Task to complete: All of the listing below must be repeated word for word. Pictures are the only thing to omit.

Dataset section:
= Beginning of Section =
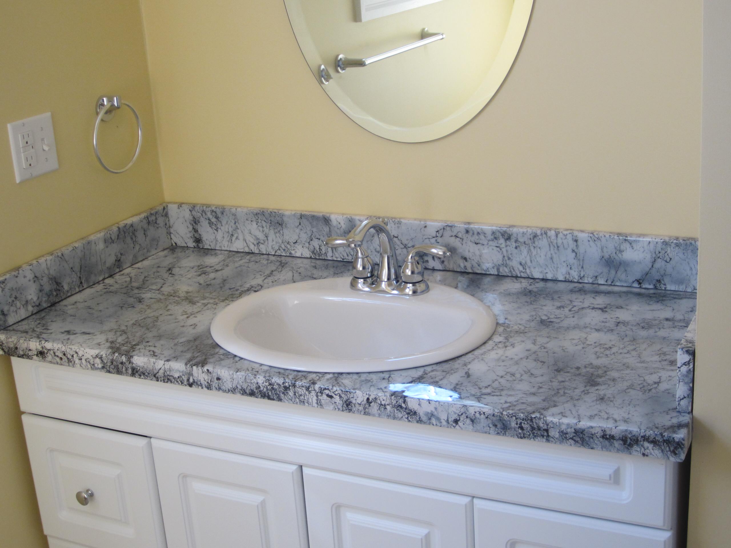 These days, liquid granite options such as the ones from iCoat are a great option for DIYers who want the look of granite for a fraction of the cost and mess. The process is time-consuming because of drying time, so expect to allocate a weekend for it, but the results are worth it. Alternatively, companies like Granite Transformations and Liquid Granite Resurfacing can do it for you.
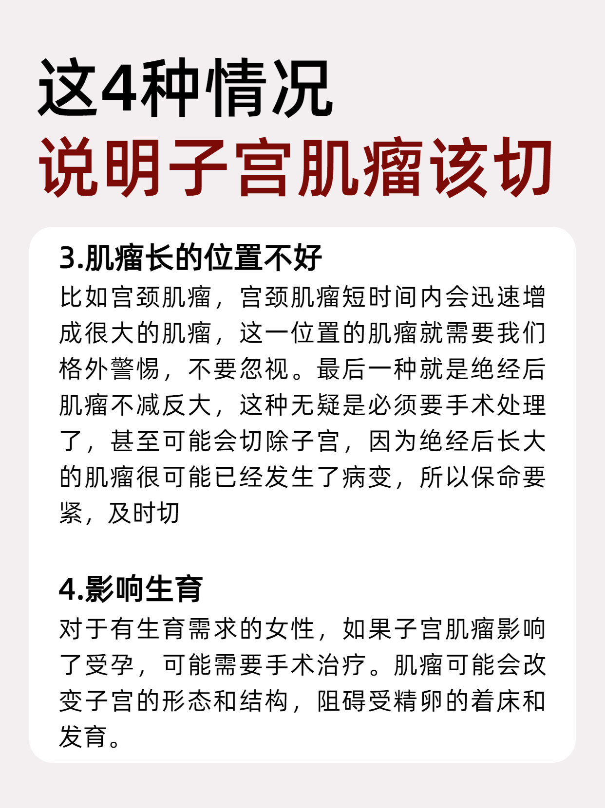 7、一般来说,患有子宫肌瘤妇女,肌瘤在直径4厘米以下,可以妊娠但妊娠前子宫肌瘤长大直径已超过4厘米,孕期长大,发生变性及造成流产早产的机会增加或肌瘤直径虽不足4厘米,但生长部位不好,如在宫腔内,或宫颈上,或压迫输卵管影响不育等情况,最好是先做手术剔除肌瘤再怀孕肌瘤的生长部位如压迫。
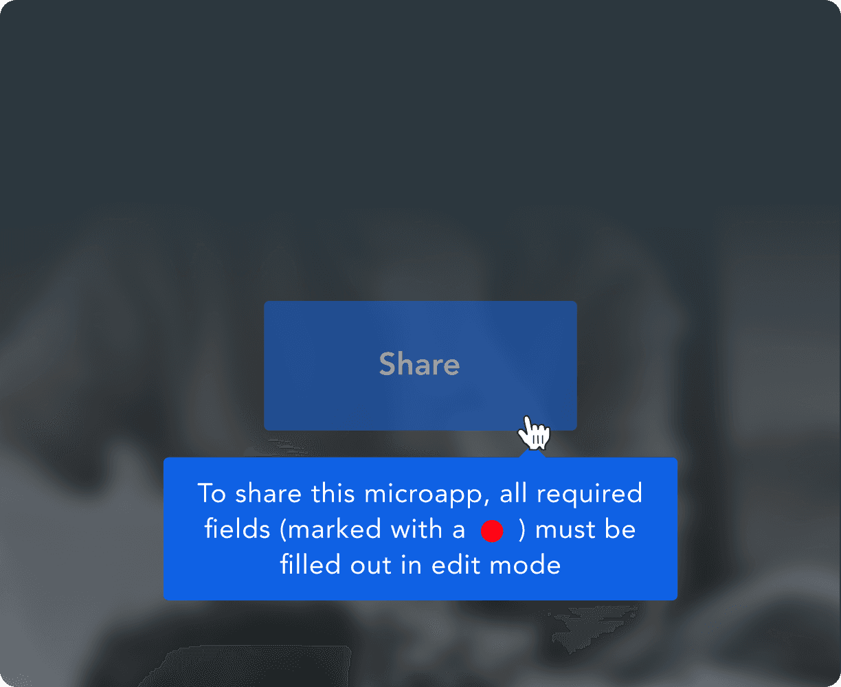 A business user cannot share a personalized microapp until they've satisfied all required fields – and there is no easy way find those fields.
= End of Section =
Answer section:
 These days, liquid granite options such as the ones from iCoat are a great option for DIYers who want the look of granite for a fraction of the cost and mess. The process is time-consuming because of drying time, so expect to allocate a weekend for it, but the results are worth it. Alternatively, companies like Granite Transformations and Liquid Granite Resurfacing can do it for you.
 7、一般来说,患有子宫肌瘤妇女,肌瘤在直径4厘米以下,可以妊娠但妊娠前子宫肌瘤长大直径已超过4厘米,孕期长大,发生变性及造成流产早产的机会增加或肌瘤直径虽不足4厘米,但生长部位不好,如在宫腔内,或宫颈上,或压迫输卵管影响不育等情况,最好是先做手术剔除肌瘤再怀孕肌瘤的生长部位如压迫。
 A business user cannot share a personalized microapp until they've satisfied all required fields – and there is no easy way find those fields.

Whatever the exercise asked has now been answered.